Key preliminary findings from the qualitative research – DRC

Handwashing behaviour

Observations indicated that handwashing with soap and hand rising (with water alone) were rare in these locations. Handwashing with soap was only observed once among the 17 observation households. Handwashing rarely took place after using the toilet but hand rinsing was sometimes practiced before eating, and this was actively taught to children as part of good mannerly behaviour. Hands rinsing was most often motivated by disgust, that is to say that hands were washed when they were visibly dirty (e.g. after returning from the field). Despite the low prevalence of handwashing behaviour people were well aware of the benefits of handwashing and 98% of participants could explain the association between handwashing and disease transmission.

One of the main factors that prevented convenient handwashing was the absence of handwashing facilities. None of the urban houses we visited had a dedicated place for handwashing. In camps facilities had been built several years ago but were now damaged and non-functional. In rural areas some houses had built tippy-taps (as part of a prior Community-led Total Sanitation campaign) but none were observed to be used or working. In focus groups people reported that they disliked the design of the tippy-taps and saw them as a symbol of poverty that they were not willing to adopt. Both water and soap were considered valuable and therefore people were often reluctant to store them near the toilets or kitchens which were often unclean, shared spaces. During behaviour trials participants identified that one of the barriers to handwashing was that there was nothing to cue behaviour at the key times and this prompted several people to design and build handwashing facilities. They were able to do so in a short period of time, using local materials and at no cost.

Handwashing is not considered to be a worthwhile use of soap. Partly this is because NGOs have promoted the use of ash as a free alternative for handwashing. Handwashing with ash was practiced by some people, but was described as unpleasant and undesirable, resulting in it being used infrequently. Where soap is available in households it is normally laundry powder or laundry bar soap. Although soap is rarely distributed by NGOs, in cases where it is, it is the laundry bar soap that is normally procured. However, participants explained that they would never use this for handwashing as it smells unpleasant and makes their hands dry. In camps and among host community members people live very communally. It is common for people to share containers and tools, share food and give water to a neighbour if they are running low. It was considered acceptable to ask a neighbour for soap to do laundry or for bathing but the idea of asking for soap for handwashing was considered humorous and people reported that you would be seen as trying to be above others if you did so.

In this setting it was common for daily household earnings to be less than $US 2. Daily routines were entirely oriented around earning enough to buy food for that day. With these limited resources adults would normally only eat once a day. People explained that their constant hunger constrained their capacity to remember to be hygienic (for example this was the main reason people said they often forget to wash hands prior to food preparation or eating). In order to earn sufficient money, adults spend most of their day in the fields, leaving young children at home unaccompanied. Parents acknowledged that they were worried about their children’s hygiene during these hours, but felt powerless to change this situation. This suggests that in this context the nurture motive may be less appropriate to utilise to promote handwashing. Although handwashing was a socially desirable behaviour, observed transgressions in handwashing practice were rarely socially sanctioned. This was largely because people normally adopted a forgiving attitude towards such transgressions, assuming that others, like them, must be dealing with poverty, hunger and psychological trauma (due to conflict and displacement). Affiliation (the desire to belong in a social group and therefore conform to group behaviours) did not emerge as a strong motivator of handwashing in this context. During the motives activity people explained that many of their close friends have poor hygiene but this just due to their circumstances rather than their character. In contrast people were judgmental of the handwashing behaviour of their spouse and explained that they could not be attracted to someone if they did not have clean hands. People did think that at a community-level handwashing increased in response to the cholera outbreak. People thought that for the majority of people this would only cause a short-term change in behaviour, but for others it could result in improved habits.

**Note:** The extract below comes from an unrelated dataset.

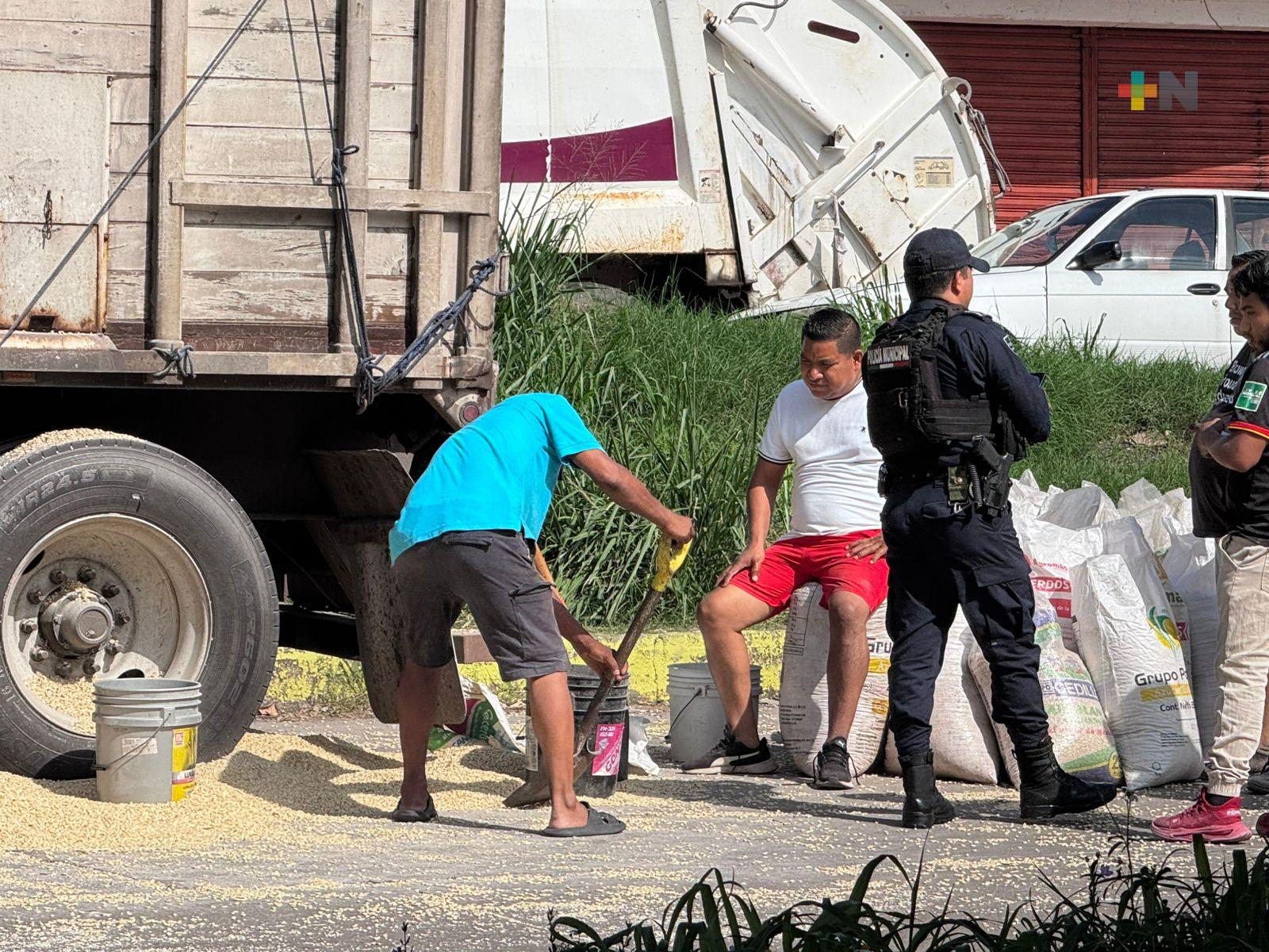 Sin embargo, de manera repentina, una de las compuertas del remolque fue abierta por personas no identificadas, lo que provocó que el maíz comenzara a caer sobre el pavimento.

Attitudes and experiences of cholera

All participants were well informed about cholera and able to explain all key transmission routes. In focus group discussions people ranked cholera as the health issue that they were most concerned about and thought that it was the health issue which most commonly affected members of their community. In contrast diarrhoea was considered a mild health issue that did not have severe consequences and was only due to ‘disagreeable food’. Despite this reported ‘fear’ of cholera people simultaneously felt that cholera was just like any other disease and their familiarity with it over the years had allowed them to develop the belief that it could easily be treated (for free) and therefore rarely resulted in death. Consistent with this, many research participants told us that ‘black people don’t die of germs’. This saying was used to rationalise the fact that although most people viewed their environment as dirty and contaminated, and often lacked the means to be hygienic, it was rarely perceived to have adverse consequences. These factors have contributed to cholera no longer being seen as an outbreak disease but rather as a chronic health problem that the population had to manage and tolerate.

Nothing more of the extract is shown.